== What you are asked to do ==
Exactly the lines below from the line with "29 марта в рамках" through the line with "A young girl" must make up the answer, both ends included and pictures left out.

Stored entries
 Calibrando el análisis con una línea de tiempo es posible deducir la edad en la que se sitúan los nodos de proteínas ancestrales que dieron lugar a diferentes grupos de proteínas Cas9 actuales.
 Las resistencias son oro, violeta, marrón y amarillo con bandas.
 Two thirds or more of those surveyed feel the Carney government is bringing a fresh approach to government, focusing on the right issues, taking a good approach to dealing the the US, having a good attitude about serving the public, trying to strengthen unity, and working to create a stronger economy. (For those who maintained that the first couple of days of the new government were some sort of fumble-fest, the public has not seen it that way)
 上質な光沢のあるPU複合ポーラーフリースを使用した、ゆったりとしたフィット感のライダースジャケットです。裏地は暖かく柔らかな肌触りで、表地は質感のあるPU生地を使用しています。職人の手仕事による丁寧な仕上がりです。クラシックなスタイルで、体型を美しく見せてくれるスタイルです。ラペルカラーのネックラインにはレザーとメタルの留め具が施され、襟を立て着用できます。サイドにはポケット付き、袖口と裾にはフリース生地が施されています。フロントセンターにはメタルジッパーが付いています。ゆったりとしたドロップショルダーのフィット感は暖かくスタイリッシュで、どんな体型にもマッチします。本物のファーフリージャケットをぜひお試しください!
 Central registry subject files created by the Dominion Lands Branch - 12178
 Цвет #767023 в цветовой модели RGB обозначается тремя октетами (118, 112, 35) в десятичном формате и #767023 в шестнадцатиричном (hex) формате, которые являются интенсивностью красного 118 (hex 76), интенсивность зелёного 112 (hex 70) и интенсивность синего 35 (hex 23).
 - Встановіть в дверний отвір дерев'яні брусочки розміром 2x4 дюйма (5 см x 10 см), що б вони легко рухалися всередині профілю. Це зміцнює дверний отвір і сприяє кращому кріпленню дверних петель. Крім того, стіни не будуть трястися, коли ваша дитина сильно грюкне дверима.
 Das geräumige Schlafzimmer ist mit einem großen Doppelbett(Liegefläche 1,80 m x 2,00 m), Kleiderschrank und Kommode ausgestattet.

---

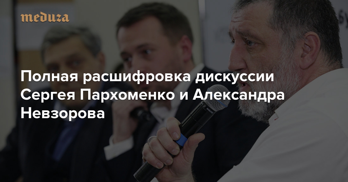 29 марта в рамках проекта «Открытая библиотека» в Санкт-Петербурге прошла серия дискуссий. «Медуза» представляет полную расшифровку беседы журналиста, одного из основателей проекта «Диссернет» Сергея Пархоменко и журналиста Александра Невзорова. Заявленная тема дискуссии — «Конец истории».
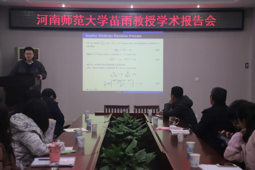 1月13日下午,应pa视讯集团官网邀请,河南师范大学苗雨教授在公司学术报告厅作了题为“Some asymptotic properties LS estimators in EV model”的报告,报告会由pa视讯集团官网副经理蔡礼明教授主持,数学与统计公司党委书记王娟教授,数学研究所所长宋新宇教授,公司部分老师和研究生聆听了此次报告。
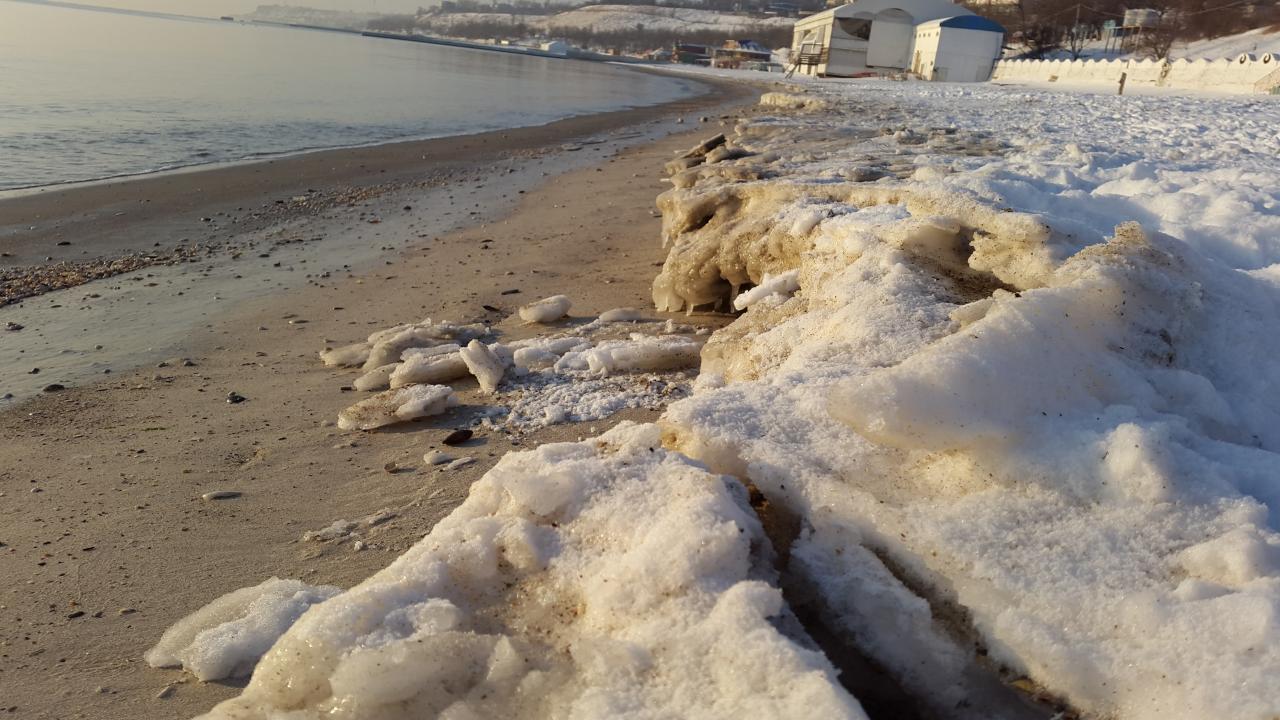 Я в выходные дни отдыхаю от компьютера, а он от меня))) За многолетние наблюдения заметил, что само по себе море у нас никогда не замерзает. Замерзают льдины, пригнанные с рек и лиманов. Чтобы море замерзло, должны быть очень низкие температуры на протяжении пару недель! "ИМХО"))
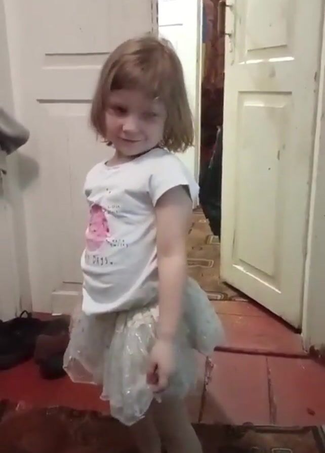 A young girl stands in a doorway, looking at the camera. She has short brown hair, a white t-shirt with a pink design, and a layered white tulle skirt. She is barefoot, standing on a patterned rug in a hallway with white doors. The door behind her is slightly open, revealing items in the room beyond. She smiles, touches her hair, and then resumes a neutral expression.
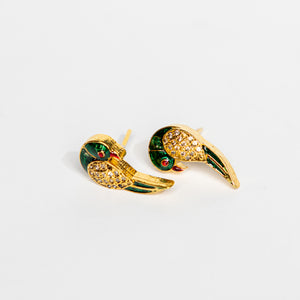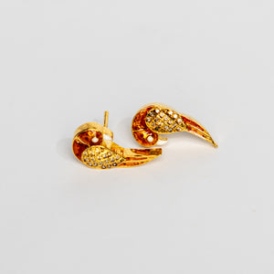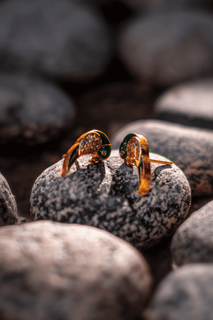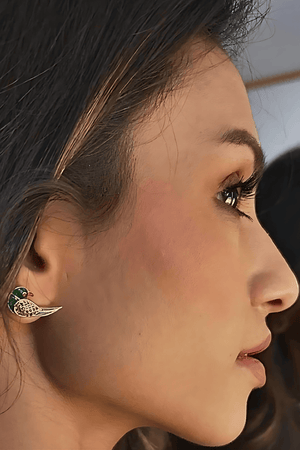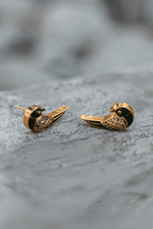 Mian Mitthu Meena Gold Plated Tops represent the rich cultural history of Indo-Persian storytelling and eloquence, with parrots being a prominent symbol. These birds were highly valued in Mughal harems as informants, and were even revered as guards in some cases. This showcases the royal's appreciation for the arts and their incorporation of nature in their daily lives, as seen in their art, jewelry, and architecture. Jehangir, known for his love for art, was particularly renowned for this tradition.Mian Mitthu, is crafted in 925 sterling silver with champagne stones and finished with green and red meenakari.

== Output for this task ==
 29 марта в рамках проекта «Открытая библиотека» в Санкт-Петербурге прошла серия дискуссий. «Медуза» представляет полную расшифровку беседы журналиста, одного из основателей проекта «Диссернет» Сергея Пархоменко и журналиста Александра Невзорова. Заявленная тема дискуссии — «Конец истории».
 1月13日下午,应pa视讯集团官网邀请,河南师范大学苗雨教授在公司学术报告厅作了题为“Some asymptotic properties LS estimators in EV model”的报告,报告会由pa视讯集团官网副经理蔡礼明教授主持,数学与统计公司党委书记王娟教授,数学研究所所长宋新宇教授,公司部分老师和研究生聆听了此次报告。
 Я в выходные дни отдыхаю от компьютера, а он от меня))) За многолетние наблюдения заметил, что само по себе море у нас никогда не замерзает. Замерзают льдины, пригнанные с рек и лиманов. Чтобы море замерзло, должны быть очень низкие температуры на протяжении пару недель! "ИМХО"))
 A young girl stands in a doorway, looking at the camera. She has short brown hair, a white t-shirt with a pink design, and a layered white tulle skirt. She is barefoot, standing on a patterned rug in a hallway with white doors. The door behind her is slightly open, revealing items in the room beyond. She smiles, touches her hair, and then resumes a neutral expression.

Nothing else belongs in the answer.